Outlook: All the young players who got their feet wet throughout last year are now needed to make the offense shine. This is still a baby-young corps with too many freshman and sophomores needing to play big roles, but in time, it should be good. First some steady playmakers have to emerge.
Rating: 6

Offensive Linemen

Projected Starters
:
Three starters return to a line that struggled throughout last season. The hope is for all the kinks to be worked out after making position changes. Junior Jason Smith started his career at tight end before moving to the line, starting every game at right tackle. He's an athletic 6-5 and 288 pounds, but he had major problems in all areas last year, especially as a consistent pass protector. Even so, he'll move over to the left side of the line to take on an expanded role. Also switching sides will be 6-5, 311-pound junior Dan Gay after starting the last ten games of the year at right guard. Like Smith, he was learning how to become a lineman after moving over from defensive tackle. A tough hitter, he should be better now that the offense is planning on running more often.

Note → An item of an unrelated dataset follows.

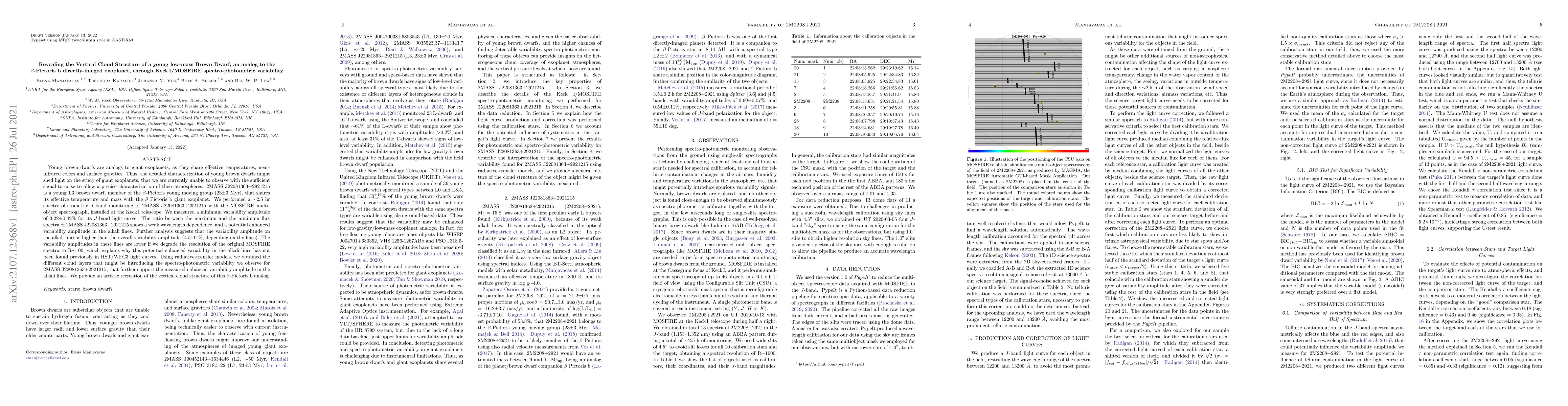 This study uses Keck I/MOSFIRE spectro-photometric monitoring to analyze the variability in a young L3 brown dwarf, 2MASS J22081363+2921215, which serves as an analog to the exoplanet beta Pictoris b. The research reveals a potential enhanced variability in alkali lines, suggesting a complex vertical cloud structure in the atmosphere of the brown dwarf.

Replacing Will Blaylock at center will be 6-2, 322-pound sophomore J.D. Walton, a transfer from Arizona State with phenomenal strength and good upside. A big, physical blocker, he'll be an upgrade despite not having any D-I experience.

With Smith moving over to left tackle, 6-7, 289-pound sophomore Thad Boatner will move in at right tackle after seeing time where needed. Mostly a guard throughout the season, he's a more natural tackle with his long frame and perfect arms for pass protection. He was always out of position on the inside.

6-6, 280-pound Chad Smith played every game at left guard last season, and now he'll move over to the right side, swapping places with Gay. He saw time at tackle before settling in at guard, and while he's not the most physical blocker, he doesn't have to be in this offense. Even so, he won't be a liability for the running game. As the only senior starter, he'll have to be a leader.

Projected Top Reserves: Senior Mike Miller has seen plenty of time over the course of his career with three starts, though he hasn't done too much on the offense. Before bulking up to 273 pounds on a 6-3 frame, he was a tight end and a slot receiver, and now he'll back up Walton at center.

Behind Boatner at right tackle is extremely promising sophomore Jordan Hearvey, who didn't see any time last year, but has good potential. At 6-4 and 305 pounds, he's heavier than Boatner, but he's an excellent athlete.

6-2, 270-pound sophomore Sam Sledge has seen time at center and now will back up Gay at left guard. The former walk-on is a smart, tough player who might be undersized, but he's good enough to be a part of a rotation.
 
Watch Out For ... Smith and Gay to be better on the left side. They spent last year getting acclimated to the life of being starting offensive linemen in the Big 12. Now they know what they're doing.
Strength: Athleticism. The line is put together to be quick and do well on the move. Baylor has a hard time getting linemen who are big and athletic, so it's top blockers are often times converted from other positions. That's not always a bad thing.
Weakness: Depth. There isn't any. The line has to work on getting the starters in the right place and creating some sort of cohesion, much less finding quality backups who can step in and shine if needed.
Outlook: The line will be better, and it's not just because it can't be any worse than it was last year. Gay and Jason Smith should be better now that they're experienced and working together on the left side. Walton adds a desperately needed big body in the middle, and Chad Smith and Boatner will be fine, in time, on the right side. Don't expect a sledgehammer of a running game from the front five, and the pass protection is still a work in progress, but the spread should be smoother after everyone has had a year to learn it.